最近、大手銀行が店舗を閉鎖するなかで生じた遊休不動産の売却に積極的に動いているが、ソウルの中核立地の物件でも買い手探しに苦戦している。

6日、金融圏によると、ウリィ銀行はソウルの旧ギャラリアパレス支店、アヒョン駅支店、釜山ヘウンデの旧センタムパーク支店、京畿の旧スウォン金融センターなど14カ所の営業店の売却に着手した。いずれも閉鎖した営業店である。売却価格は競売の最低価格基準で総額1776億ウォンに達する。ウリィ銀行は6月にも遊休不動産25カ所の売却に動いたが、全件が流札となった。

新韓銀行が売却中のソウル明洞「シンハン・エクスペース」。/新韓銀行提供

國民銀行もソウルをはじめ全国にある遊休不動産9カ所の売却手続きを進めている。ソウル5カ所と京畿2カ所、大邱・大田が各1カ所で、全体で1600億ウォン規模だ。先月10日から14日まで入札を実施したが、いまだ買い手がついていない。

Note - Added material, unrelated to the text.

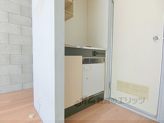 冷蔵庫付いています。京都大学まで徒歩4分、芸術大まで自転車で7分の賃貸物件です。出町柳駅までは自転車で7分。京阪電車で祇園四条駅まで5分です。コンリート打ちっぱなしの室内・外観です。

新韓銀行も遊休不動産の売却に難航している。お買い得物件とみられたソウル明洞の「シンハン・エクスペース(Expace)」は3回流札となったのち、最近、随意契約で新たな買い手が見つかった。シンハン・エクスペースは新韓銀行が2020年に明洞駅支店を全面リモデリングし、複合文化空間として活用していた場所だ。鑑定評価額は1422億ウォンだったが、最終売却額は1200億ウォン台とされる。

新韓銀行はソウル・ソンスドンの社員寮と旧チョンヌン支店、旧釜山駅支店など8カ所の不動産売却を進めているが、やはり新たな買い手は現れていない。売却対象の一部不動産は流札を重ね、入札価格比で20%下がった価格で競売が進行中だ。

銀行が遊休不動産を売却するのは資産効率性を高める目的だ。対面営業の比率が低下し続けているため、継続的に店舗を閉鎖し、これを処分して現金を確保しようとしている。

不動産業界では大型オフィスを中心に売却市場が活発化しているが、銀行が出した中小型オフィスは投資妙味に欠けるとの指摘が出ている。ある業界関係者は「資産家や中小企業オーナーは中小型の商業施設やオフィスにはあまり投資していない。当面はこの流れが続くと予想され、銀行の遊休不動産の売り物件は積み上がり続けるだろう」と述べた。